Assumptions and deviations

  • High V1 IIV taken at face value. Table II reports omega^2(V1) = 1.92 (approximate CV 240%), much larger than typical popPK V1 variability. The bootstrap re-fit reports the same magnitude (omega^2(V1) = 2.03) so the value appears stable rather than a transcription error. The packaged model uses 1.92 as the variance on the log scale. Stochastic simulations will therefore show wide between-subject scatter on plasma trajectories driven by V1 variability; the validation figures above use rxode2::zeroRe() to suppress this for visual clarity.

  • Three independent residual-error streams. Table II reports three separate sigma^2 values (one for plasma, one for brain ECF, one for total brain), so the packaged model declares three independent proportional-error parameters (propSd, propSd_Cbrain_csf, propSd_Cbrain_deep). Each output has its own residual SD; no shared / cross-output residual structure is implied.

  • Total brain is an algebraic output, not a state. Paper Results “Development of the Pharmacokinetic Model” (p90) and Discussion (p93) state explicitly that “rate constants for distribution to and from the total brain compartment could not be estimated based on the present data set. Therefore, concentration of quinidine in brain tissue was in the final pharmacokinetic model described as a multiple (f2) of the free brain ECF concentration.” The packaged model does NOT declare a separate brain_deep ODE state; the third observed output is the derived quantity Cbrain_deep = f2 * Cbrain_csf.
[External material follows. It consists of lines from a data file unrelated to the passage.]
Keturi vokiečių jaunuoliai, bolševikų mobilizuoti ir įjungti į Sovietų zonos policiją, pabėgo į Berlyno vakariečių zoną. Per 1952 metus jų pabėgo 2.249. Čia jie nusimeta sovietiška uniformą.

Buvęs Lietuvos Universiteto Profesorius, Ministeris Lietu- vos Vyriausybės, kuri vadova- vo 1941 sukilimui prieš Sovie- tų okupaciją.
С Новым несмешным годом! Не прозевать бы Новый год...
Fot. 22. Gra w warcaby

  • Q_out FIXED at 10.8 mL/min. Paper Results p90 explains that this value was obtained when Q_out was free in the final model fit; it was then fixed in the published estimation because in some bootstrap replicates V_Br was estimated to an unrealistically high value while the ratio V_Br / Q_out remained stable. The packaged model wraps lqout <- fixed(log(10.8)) to preserve this provenance; downstream users who refit the model will see Q_out held constant.
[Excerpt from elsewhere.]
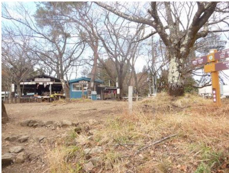
「小仏城山 (670m)」 10:00 着、人はいないね、茶店の人もまだ来ていない

  • Q_in is constructed as f1 * Q_out_base. Paper Table IV writes the final-model Q_in as f1 * THETA8 * THETA13^TARIQUIDAR * exp(eta5) where THETA8 is the BASE Q_out (10.8 mL/min) before its own tariquidar modification THETA9. The packaged model preserves this convention so the BBB influx and efflux clearances are independently parameterised under tariquidar; setting CONMED_TARIQUIDAR = 1 raises Q_in 2.65-fold (via THETA13) and separately lowers Q_out 2.73-fold (via THETA9), each picking up its own multiplier off the shared 10.8 mL/min anchor.

  • No weight covariate in the final model. Animal weight on the experimental day was tested as a covariate in the screening step (Table III) and significantly reduced OFV by 9.5 units when fitted on plasma alone. When the brain compartments were added (the full final model), weight no longer reached the p < 0.01 threshold for any parameter and was dropped (paper Results “Development of the Pharmacokinetic Model” p90). The packaged model follows the paper and does NOT include a weight effect.
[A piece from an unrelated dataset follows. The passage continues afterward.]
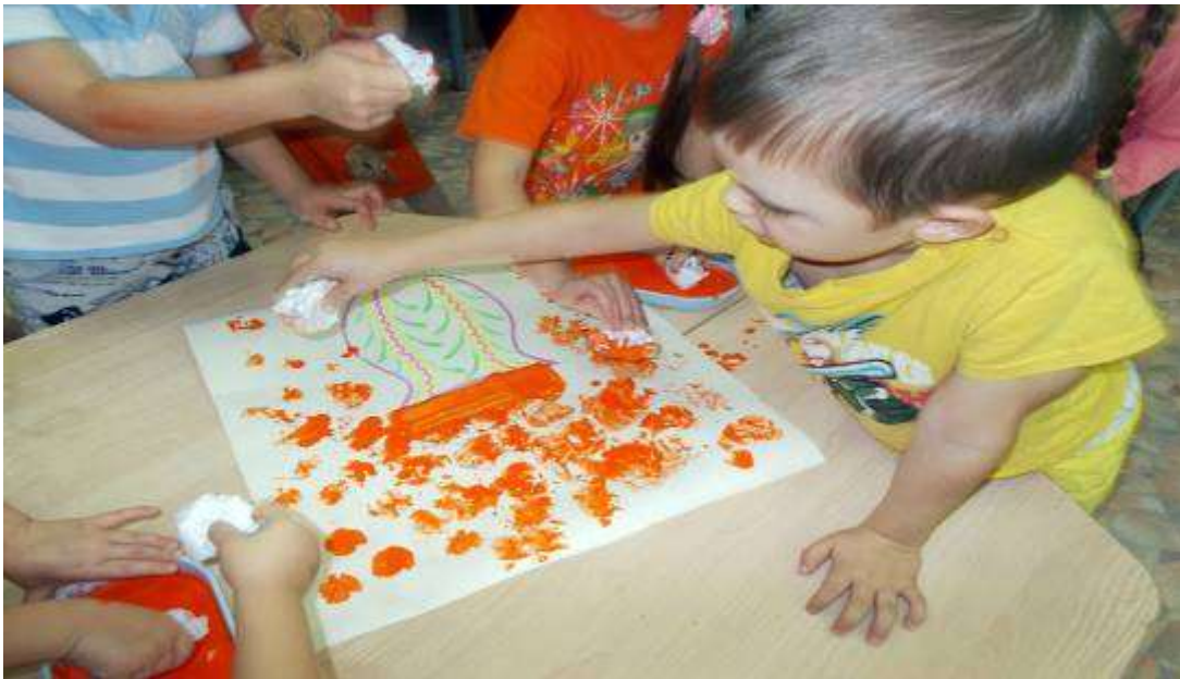
Необычный способ рисования букета ватой

Очень красивые тюльпаны получаются с помощью вилки. По ходу занятия объясняем, что краски, карандаши, мелки – не единственные предметы для рисования. Если проявить фантазию, можно нарисовать много цветочных композиций. Растения получаются довольно похожими, красивыми.

  • Kainate effect on f2 not retained. Paper Results “Kainate Treatment” (p91) notes a numerically lower observed total-brain : plasma ratio in kainate-treated than control rats but reports that “in the population model kainate as a covariate for f2 … did not result in a significant drop of OFV (Table III)” – delta-OFV of -0.73, below the 6.63 threshold. The packaged model follows the paper and does NOT include a kainate effect on f2.

  • Dose-unit choice. The paper reports infusion rates in ug/min and concentrations in ng/mL. The packaged model uses ng for dose amounts and ng/mL for concentrations so the volumes (mL) and clearances (mL/min) can stay in the paper’s reported units without an explicit conversion factor in the ODE block. The vignette dose amt = 3e6 ng corresponds to the paper’s 3 mg (= 3000 ug) cumulative dose; analogously for the 6000 ug cumulative arm.